Protecting the Brain

Columbia is heavily involved in the development of cerebral embolic protection devices to help address the risk of stroke and other problems resulting from embolic debris released during TAVR. One strategy is to employ a filter that captures the debris before it enters the blood vessels leading to the brain.

“Here at Columbia, Dr. Martin Leon and Dr. Susheel Kodali helped lead the Sentinel trial, which was an early trial of the Sentinel cerebral embolic protection device,” says Dr. Nazif. “That device was subsequently approved and is now used frequently in our clinical practice and elsewhere.”

The Sentinel device helps protect the brain from embolic debris, but it also has some important limitations. “It only protects two of the three major vessels to the brain and does not protect other areas of the body that might be injured, such as the kidneys,” explains Dr. Nazif. 

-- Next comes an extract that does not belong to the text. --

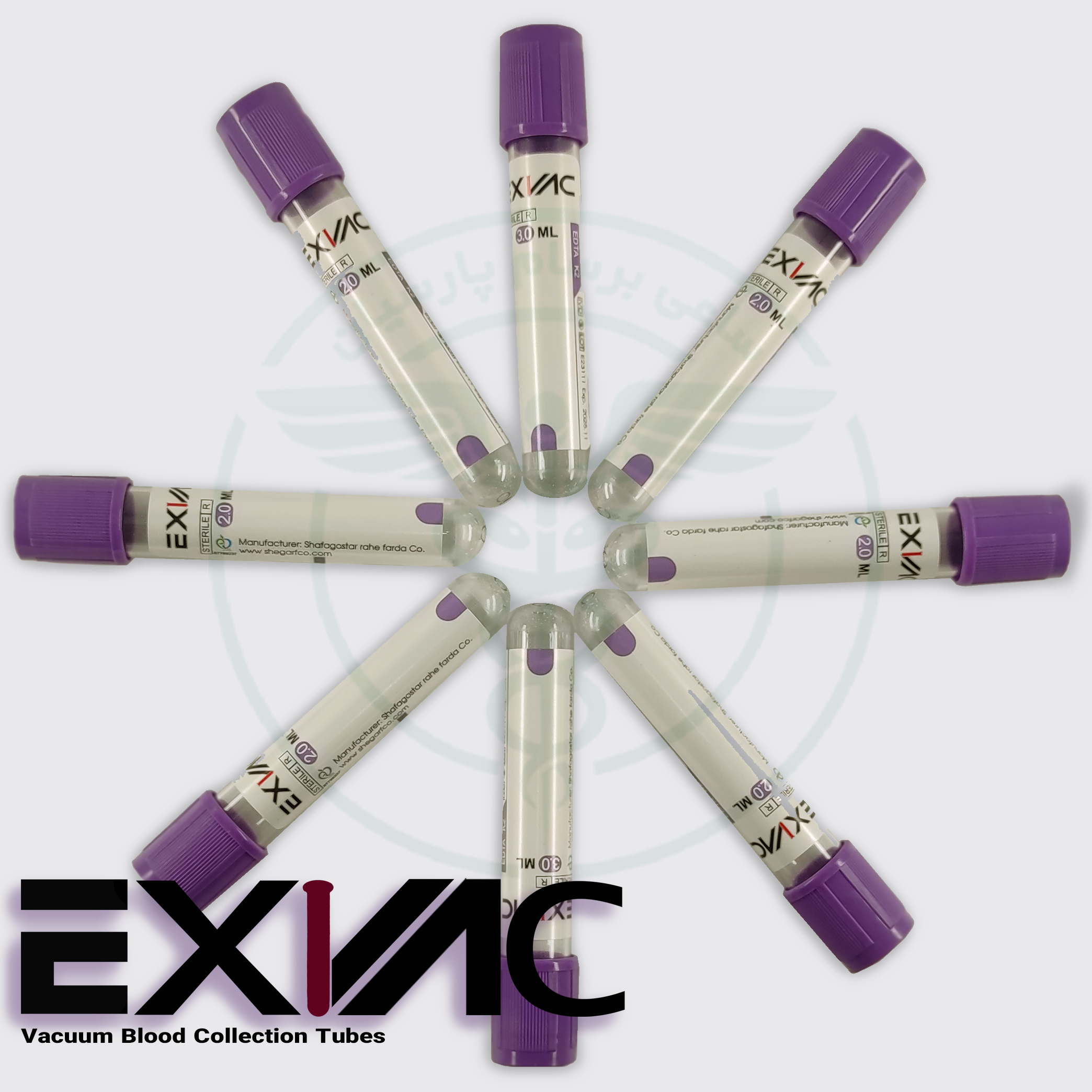 لوله خونگیری وکیوم EDTA CBC K2 برند EXVAC بسته 100 عددی 6 میل

The Emboliner catheter device seeks to address that by using a cylindrical mesh filter that covers the entire aortic arch. It also features an expanding access port that allows the TAVR device and other equipment used during the procedure to pass through without compromising the effectiveness of the filter. “The filter looks almost like a butterfly net,” says Dr. Nazif. “It is designed to spread and fill up the entire aorta. By offering such comprehensive coverage, our hope is that this will more effectively reduce not just strokes but also other complications like kidney injury after TAVR.”

The Protect the Head to Head trial will compare the safety and effectiveness of the Emboliner device with the Sentinel device to determine if the newer design can reduce adverse cardiac and cerebrovascular events and capture additional embolic debris. 

Dr. Nazif sees the Emboliner approach as a big step forward for improved outcomes for transcatheter procedures. "This potentially represents a major advance in embolic protection by providing full brain and body protection, leaving no major artery to the brain, kidneys, or lower body unprotected,” he says. “We look forward to the results of this pivotal randomized trial as we seek to bring this exciting new technology to our patients."

Columbia and TAVR

TAVR has been transformational for treating patients with aortic valve disease. By accessing the heart through large blood vessels in the groin instead of a large incision in the chest, it offers patients a number of benefits over traditional surgery, including shorter hospital stays, less pain, faster recovery times, and reduced risk of complications.

Columbia has played an important role in establishing TAVR as a viable alternative to open-heart surgery, having led the landmark Placement of AoRTic TraNscathetER Valve (PARTNER) trial in the early 2000s and the subsequent PARTNER 2 and PARTNER 3 trials. And by working to reduce risks even more through devices like the Emboliner, Columbia is helping move TAVR even further toward providing better outcomes for patients with aortic stenosis. 

“From both the patient and physician perspective, stroke, although infrequent, remains one of the most feared and potentially devastating complications of heart valve replacement,” says Dr. Nazif. “Anything we can do to reduce that rate and improve the safety of our patients is important, so I'm tremendously excited to be able to help lead this study and continue Columbia's legacy of leading innovation in this field.”